* **TASK INSTRUCTIONS**:
Retype every line from the start of the data down to and including the line with "Central apartment in". Skip the pictures.

* **GIVEN INFORMATION**:
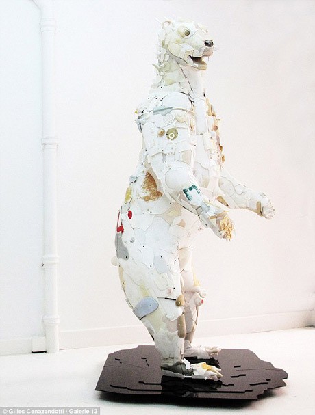 "Aku ingin bicara soal refleksi masa depan dari planet kita dan evolusi dari kehidupan, masyarakat yang berlebihan dalam konsumsi dan tantangan sumber daya alam juga kepunahan spesies." Karya buatan Gilles ini dipamerkan di Galerie 13, Paris.
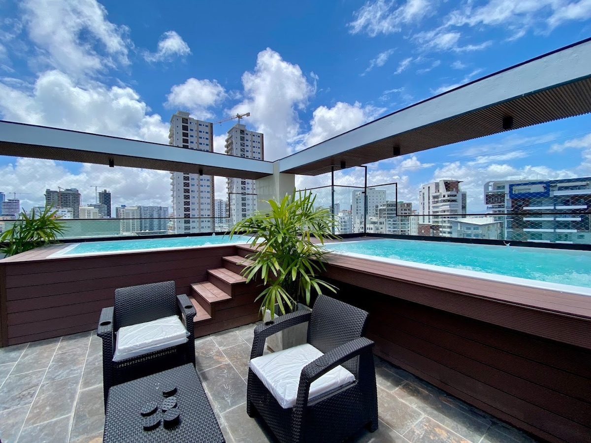 Central apartment in the heart of Ensanche Piantini, close to the best restaurants, supermarkets, pharmacies, just steps from shopping centers. Super quiet, safe and exclusive area!! You will have a great experience with our gym, Infinity pool and wonderful rooftop terrace with ocean views and 360 views of the entire city of Santo Domingo. You'll love it!
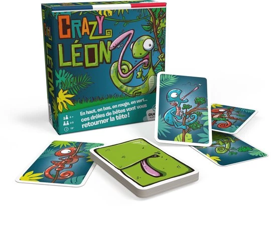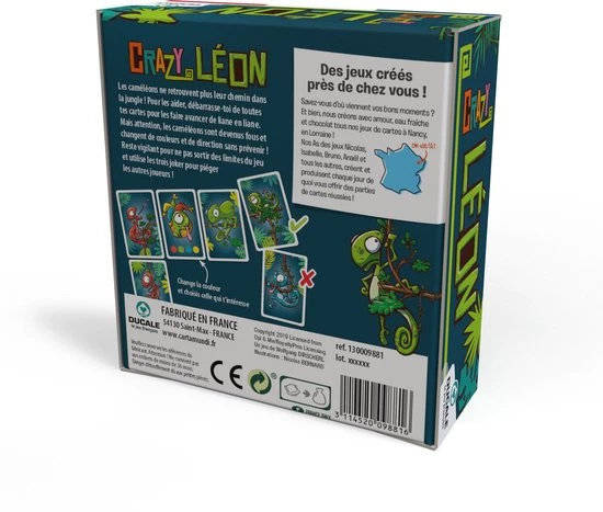 Les cam?l?ons ne retrouvent plus leur chemin dans la jungle ! Pour les aider, d?barrassez-vous de toutes vos cartes pour faire avancer les cam?l?ons de liane en liane, sans d?passer la zone de jeu impos?e. Mais attention, les cam?l?ons sont devenus fous ! Ils changent de couleurs et de direction sans pr?venir… Restez vigilants ? ne pas sortir de la jungle ! Des cartes Joker vous permettrons de pi?ger les autres joueurs (et de vous sauver !) en vous donnant la possibilit? de changer la couleur demand?e, la direction ou les deux. Un jeu familial qui plaira aux plus jeunes.

* **ANSWER TO THIS TASK**:
 "Aku ingin bicara soal refleksi masa depan dari planet kita dan evolusi dari kehidupan, masyarakat yang berlebihan dalam konsumsi dan tantangan sumber daya alam juga kepunahan spesies." Karya buatan Gilles ini dipamerkan di Galerie 13, Paris.
 Central apartment in the heart of Ensanche Piantini, close to the best restaurants, supermarkets, pharmacies, just steps from shopping centers. Super quiet, safe and exclusive area!! You will have a great experience with our gym, Infinity pool and wonderful rooftop terrace with ocean views and 360 views of the entire city of Santo Domingo. You'll love it!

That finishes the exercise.